For rationalising the denominator, multiplying numerator and denominator by $\sqrt{6}$, we get

$E=\frac{6}{\sqrt{6}} \times \frac{\sqrt{6}}{\sqrt{6}}=\frac{6 \sqrt{6}}{6}=\sqrt{2} \times \sqrt{3}$

$=1.414 \times 1.732=2.449$             [put $\sqrt{2}=1.414$ and $\sqrt{3}=1.732$ ]
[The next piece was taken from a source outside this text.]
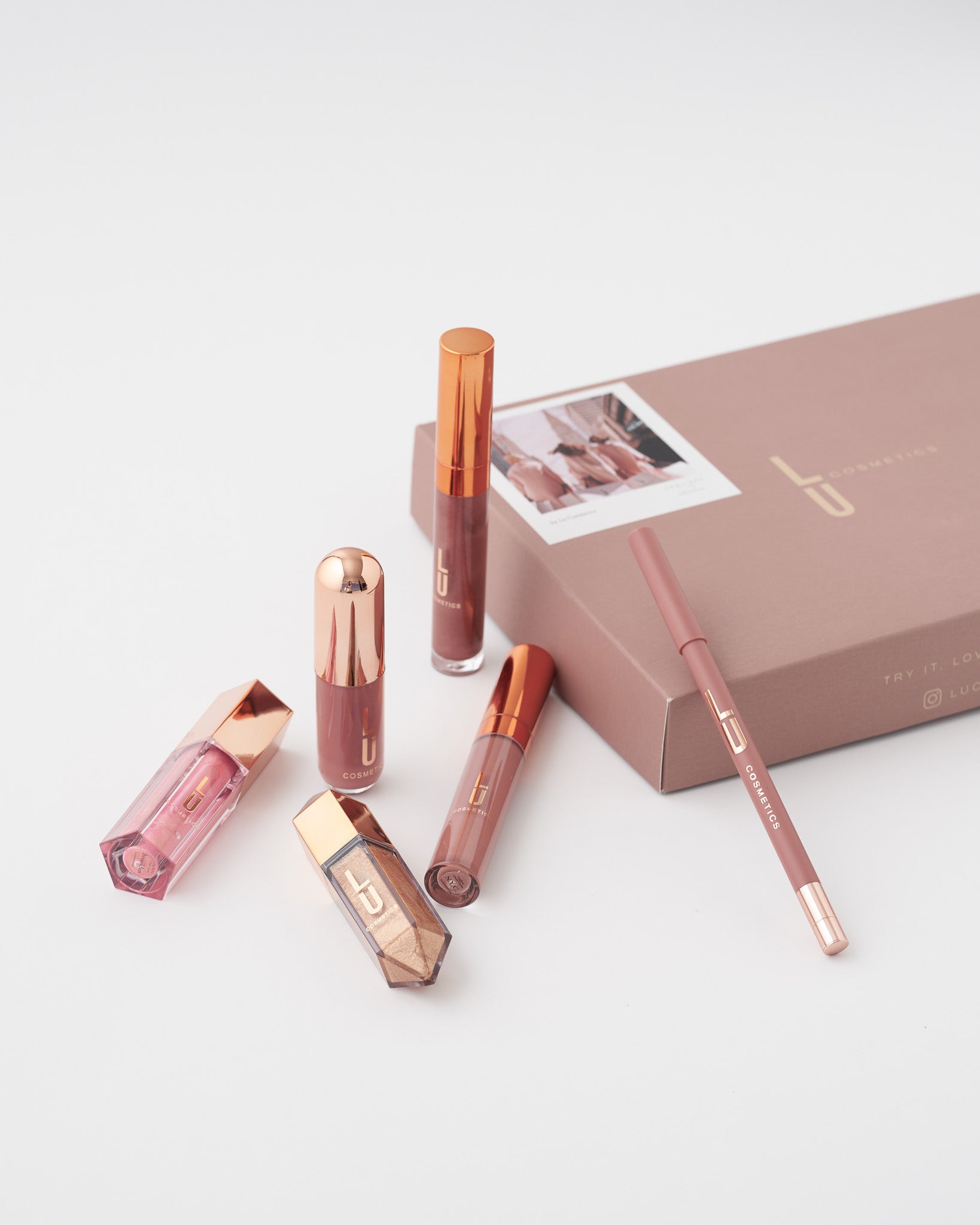 6 tonos glamurosos y cremosos en rosa y dorado — para labios que lo dicen todo. Incluye 5 glosses + 1 lip liner con el espíritu de Nueva York.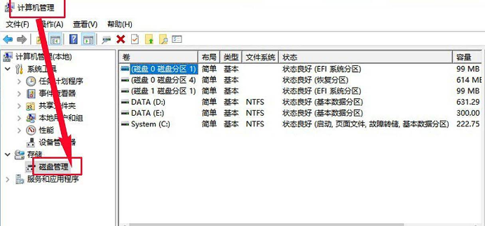 2、在左侧菜单中选择“磁盘管理”。

(iii) Let $E=\frac{\sqrt{10}-\sqrt{5}}{2}=\frac{\sqrt{5} \sqrt{2}-\sqrt{5}}{2}=\frac{\sqrt{5}(\sqrt{2}-1)}{2}$       $[\because \sqrt{10}=\sqrt{2} \cdot \sqrt{5}]$

$=\frac{2.236(1.414-1)}{2}=1.118 \times 0.414=0.46285 \cong 0.463$

(iv) Let $E=\frac{\sqrt{2}}{2+\sqrt{2}}$

For rationalising the denominator, multiplying numerator and denominator by $2-\sqrt{2}$, we get

$=\frac{\sqrt{2}}{2+\sqrt{2}} \times \frac{2-\sqrt{2}}{2-\sqrt{2}}=\frac{\sqrt{2}(2-\sqrt{2})}{(2)^{2}-(\sqrt{2})^{2}}$            [using identity, $(a-b)(a+b)=a^{2}-b^{2}$ ]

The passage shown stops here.